_What the task requires:_ In your copy, leave out the pictures and reproduce the listing below exactly.

*** The data Section Begins ***

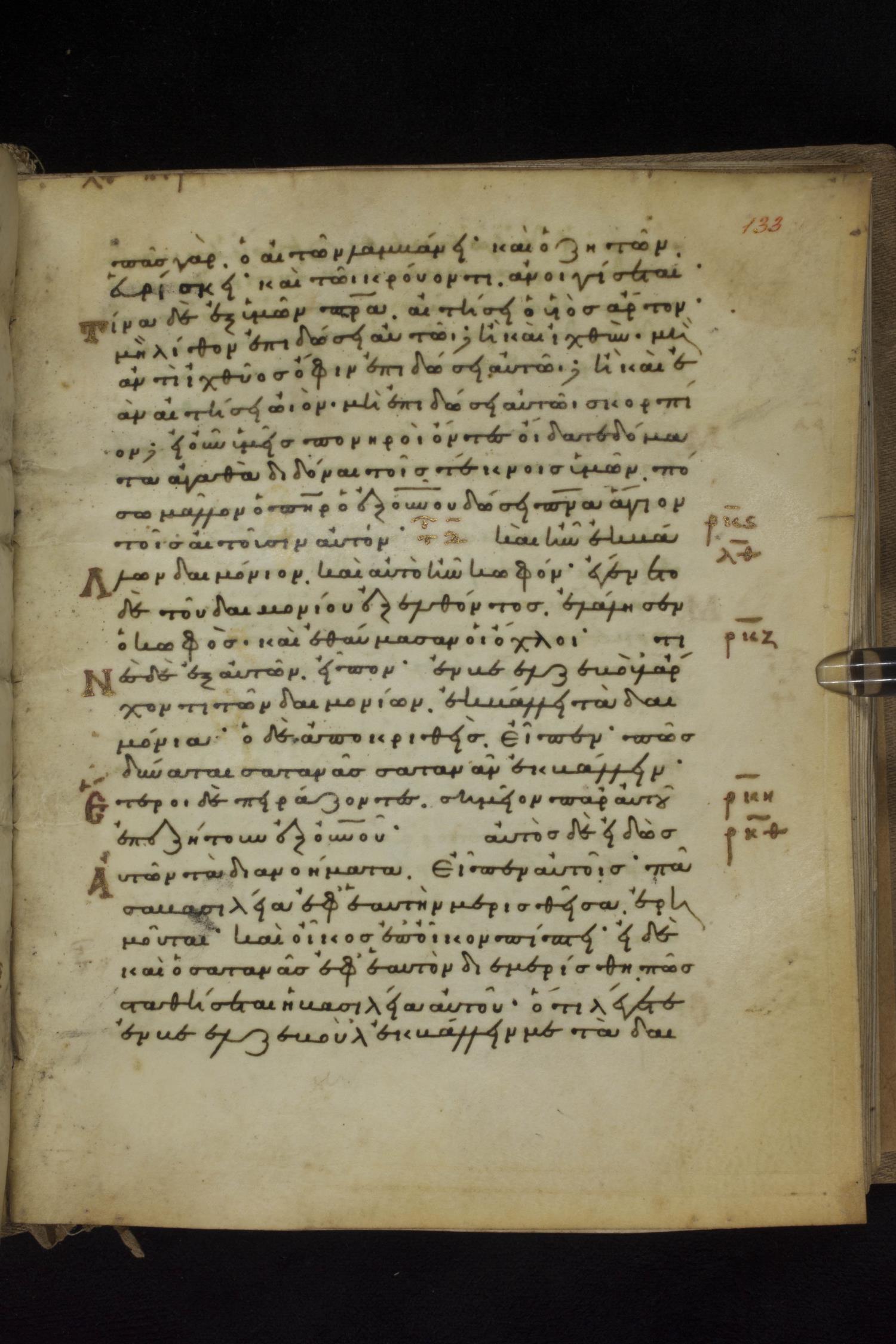 Eleventh century minuscule of the Gospels on parchment; 231 leaves, 1 column, 24 lines per column. Images were taken at the National Library of Greece in Athens.
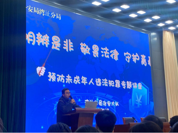 为增强学生法治意识,预防未成年人违法犯罪,12 月 9 日晚 19 点 40 分,医药技术系在第九报告厅成功举办预防未成年人违法犯罪专题讲座。本次讲座由芜湖市公安局湾沚分局提供课件和指导,医药技术系李明祥主任授课,吸引了众多师生积极参与。
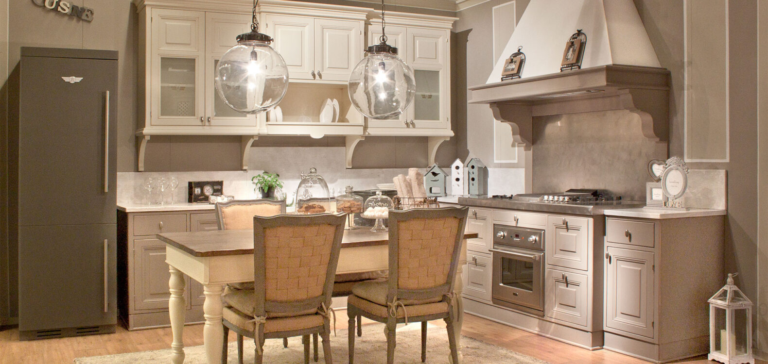 La personalizzazione è importante nelle nostre cucine classiche: i decori riportati sul vetro e sul frigo, possono essere realizzati in base alle tue preferenze.
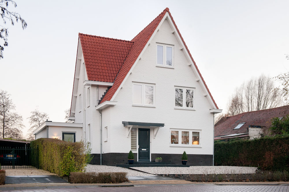 Bouwbedrijf Van der Helden is ons aangeraden door architectenbureau Atelier 3. Uit vier aanbieders hebben wij hen gekozen om de scherpe prijs en hun goede naam. Toen we het bedrijf in Ophemert bezochten, en daar een oriënterend gesprek hadden met de directie, werden we bevestigd in onze keuze. Het voelde goed! Dit zijn vriendelijke, nette en serieuze vakmensen met een schat aan ervaring. De bouw van onze woning, op de plaats waar vorig jaar nog mijn ouders woonden (en daarvoor mijn opa en oma) startte in de sneeuw in december 2012. Dat leidde aanvankelijk tot een redelijk aantal onwerkbare dagen, hoewel ook op die dagen de mannen wel vaak op de bouw aanwezig waren. Het droge voorjaar en de mooie zomerperiode pakten goed uit voor het metsel- en timmerwerk. Wij hebben de bouw op de voet gevolgd en omdat het maar 10 minuten van ons oude huis verwijderd was, waren we er bijna wekelijks. En altijd was er even tijd om te vertellen waar ze mee bezig waren of waar ze tegen aan liepen en wat ze daarop bedacht hadden. Voorbeeld hiervan zijn de koofjes in de spil van de trap die na de plaatsing van de trap, door de timmerman in zijn avonduren zijn gemaakt. Dit maakt de eiken trap in het witte trappenhuis nog mooier. Elke vier weken is er vergaderd tijdens het bouwproces. De meeste vergaderingen vonden plaats in de keet op de bouwplaats. Ter plekke werden keuzemogelijkheden voorgelegd, kleine wijzigingen doorgesproken en uitgevoerd werk getoond. Buiten de bouwvergaderingen is veel overlegd via email en telefoon. Altijd is snel en doeltreffend gereageerd door projectleiding en de verantwoordelijke vakmensen. Niet alles liep direct zoals het moest zijn, maar het uiteindelijke resultaat is schitterend. Er is een huis ontstaan zoals wij dat voor ogen hadden. Ruim, licht en passend in deze landelijke omgeving. Prachtig is de combinatie van witte muren, antracietkleurige deuren en oranje pannen. We wonen er met heel veel plezier. De zolderkamers en de badkamer met daarin het balkenwerk duidelijk zichtbaar, zijn zelfs nog mooier uitgepakt dan we hadden voorzien. En ook voor de schoorsteen krijgen we regelmatig een compliment! Waar wij zeer over te spreken zijn, is de ‘nazorg’ van Van der Helden en hun onderaannemers. Als er iets hapert, wordt daarop direct gereageerd en staat een dag later een vakman voor de deur.

*** The data Section Ends ***

_The completed task:_
 Eleventh century minuscule of the Gospels on parchment; 231 leaves, 1 column, 24 lines per column. Images were taken at the National Library of Greece in Athens.
 为增强学生法治意识,预防未成年人违法犯罪,12 月 9 日晚 19 点 40 分,医药技术系在第九报告厅成功举办预防未成年人违法犯罪专题讲座。本次讲座由芜湖市公安局湾沚分局提供课件和指导,医药技术系李明祥主任授课,吸引了众多师生积极参与。
 La personalizzazione è importante nelle nostre cucine classiche: i decori riportati sul vetro e sul frigo, possono essere realizzati in base alle tue preferenze.
 Bouwbedrijf Van der Helden is ons aangeraden door architectenbureau Atelier 3. Uit vier aanbieders hebben wij hen gekozen om de scherpe prijs en hun goede naam. Toen we het bedrijf in Ophemert bezochten, en daar een oriënterend gesprek hadden met de directie, werden we bevestigd in onze keuze. Het voelde goed! Dit zijn vriendelijke, nette en serieuze vakmensen met een schat aan ervaring. De bouw van onze woning, op de plaats waar vorig jaar nog mijn ouders woonden (en daarvoor mijn opa en oma) startte in de sneeuw in december 2012. Dat leidde aanvankelijk tot een redelijk aantal onwerkbare dagen, hoewel ook op die dagen de mannen wel vaak op de bouw aanwezig waren. Het droge voorjaar en de mooie zomerperiode pakten goed uit voor het metsel- en timmerwerk. Wij hebben de bouw op de voet gevolgd en omdat het maar 10 minuten van ons oude huis verwijderd was, waren we er bijna wekelijks. En altijd was er even tijd om te vertellen waar ze mee bezig waren of waar ze tegen aan liepen en wat ze daarop bedacht hadden. Voorbeeld hiervan zijn de koofjes in de spil van de trap die na de plaatsing van de trap, door de timmerman in zijn avonduren zijn gemaakt. Dit maakt de eiken trap in het witte trappenhuis nog mooier. Elke vier weken is er vergaderd tijdens het bouwproces. De meeste vergaderingen vonden plaats in de keet op de bouwplaats. Ter plekke werden keuzemogelijkheden voorgelegd, kleine wijzigingen doorgesproken en uitgevoerd werk getoond. Buiten de bouwvergaderingen is veel overlegd via email en telefoon. Altijd is snel en doeltreffend gereageerd door projectleiding en de verantwoordelijke vakmensen. Niet alles liep direct zoals het moest zijn, maar het uiteindelijke resultaat is schitterend. Er is een huis ontstaan zoals wij dat voor ogen hadden. Ruim, licht en passend in deze landelijke omgeving. Prachtig is de combinatie van witte muren, antracietkleurige deuren en oranje pannen. We wonen er met heel veel plezier. De zolderkamers en de badkamer met daarin het balkenwerk duidelijk zichtbaar, zijn zelfs nog mooier uitgepakt dan we hadden voorzien. En ook voor de schoorsteen krijgen we regelmatig een compliment! Waar wij zeer over te spreken zijn, is de ‘nazorg’ van Van der Helden en hun onderaannemers. Als er iets hapert, wordt daarop direct gereageerd en staat een dag later een vakman voor de deur.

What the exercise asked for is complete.